Thoughtless, unkind, reckless, or flippant words are often the most harmful to our psyche, to our spirit, to our soul; but only if we allow or give them permission to do so. Therein lies our power. Therein lies our potency. Therein lies our potential. We are at the controls here. This is our command central. How we feel. How we think. How we react. And most importantly, how we act after receiving such a blow is everything. This is the “big tell.” This is the pivotal moment when more is revealed about our character than that of the offender.

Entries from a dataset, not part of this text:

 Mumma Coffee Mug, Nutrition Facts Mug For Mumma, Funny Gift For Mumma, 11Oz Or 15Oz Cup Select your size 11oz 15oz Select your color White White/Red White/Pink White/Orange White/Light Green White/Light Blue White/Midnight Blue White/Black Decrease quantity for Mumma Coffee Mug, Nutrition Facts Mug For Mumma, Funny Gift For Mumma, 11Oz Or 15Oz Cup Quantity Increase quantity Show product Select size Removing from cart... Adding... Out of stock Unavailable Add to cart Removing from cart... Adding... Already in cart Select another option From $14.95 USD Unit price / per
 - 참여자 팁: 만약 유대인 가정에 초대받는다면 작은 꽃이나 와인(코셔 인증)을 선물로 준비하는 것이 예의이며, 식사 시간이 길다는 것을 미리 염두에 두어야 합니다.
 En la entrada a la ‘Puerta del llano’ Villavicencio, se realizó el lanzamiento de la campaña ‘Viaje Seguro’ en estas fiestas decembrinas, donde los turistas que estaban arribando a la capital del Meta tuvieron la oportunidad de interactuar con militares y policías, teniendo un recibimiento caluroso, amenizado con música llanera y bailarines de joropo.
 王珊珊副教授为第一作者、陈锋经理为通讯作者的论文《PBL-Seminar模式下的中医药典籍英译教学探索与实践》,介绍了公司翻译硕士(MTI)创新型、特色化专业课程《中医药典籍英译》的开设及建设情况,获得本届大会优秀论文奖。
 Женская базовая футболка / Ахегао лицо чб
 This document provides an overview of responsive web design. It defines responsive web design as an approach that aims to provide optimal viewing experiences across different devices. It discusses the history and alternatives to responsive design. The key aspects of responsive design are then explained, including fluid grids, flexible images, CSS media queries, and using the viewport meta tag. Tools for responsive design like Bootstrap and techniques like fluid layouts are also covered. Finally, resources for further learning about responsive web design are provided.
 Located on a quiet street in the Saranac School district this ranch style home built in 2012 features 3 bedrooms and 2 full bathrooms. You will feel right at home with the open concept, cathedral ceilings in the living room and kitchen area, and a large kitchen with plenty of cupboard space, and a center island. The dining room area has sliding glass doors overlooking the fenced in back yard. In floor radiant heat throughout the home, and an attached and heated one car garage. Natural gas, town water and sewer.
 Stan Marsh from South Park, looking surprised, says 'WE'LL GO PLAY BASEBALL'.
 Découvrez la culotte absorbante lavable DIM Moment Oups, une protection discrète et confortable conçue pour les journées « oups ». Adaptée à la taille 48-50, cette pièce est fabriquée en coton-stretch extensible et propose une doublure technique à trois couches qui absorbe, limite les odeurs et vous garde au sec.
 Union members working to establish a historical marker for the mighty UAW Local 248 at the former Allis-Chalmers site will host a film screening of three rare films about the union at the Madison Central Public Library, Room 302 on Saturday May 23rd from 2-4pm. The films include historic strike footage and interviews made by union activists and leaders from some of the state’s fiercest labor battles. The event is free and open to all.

Our egos are bruised. Our hearts are broken. Our feelings are hurt. Our spirits deflated.

But they needn’t be. Know this Girl Warrior, you have the power to A) neutralize your emotions and B) control your response. Both are critical and integral here. You don’t have to be upset, insulted, angry or wounded. You are not a victim. In fact you are just the opposite. What others say to you, or about you, is actually none of your business. Not your concern. It has no bearing on who you are. It’s their stuff. Not yours. Others will say or do what they will, often without even realizing the impact or the consequences. And so will you. So will you. That’s the hard pill to swallow. We are all guilty.

But you can fix this Girl Warrior. It is your job, your mission, to get at the truth and own it. Examine the intention of the offense. Malicious or not, forgive everyone including yourself, so healing can begin. For that is how you get over being offended.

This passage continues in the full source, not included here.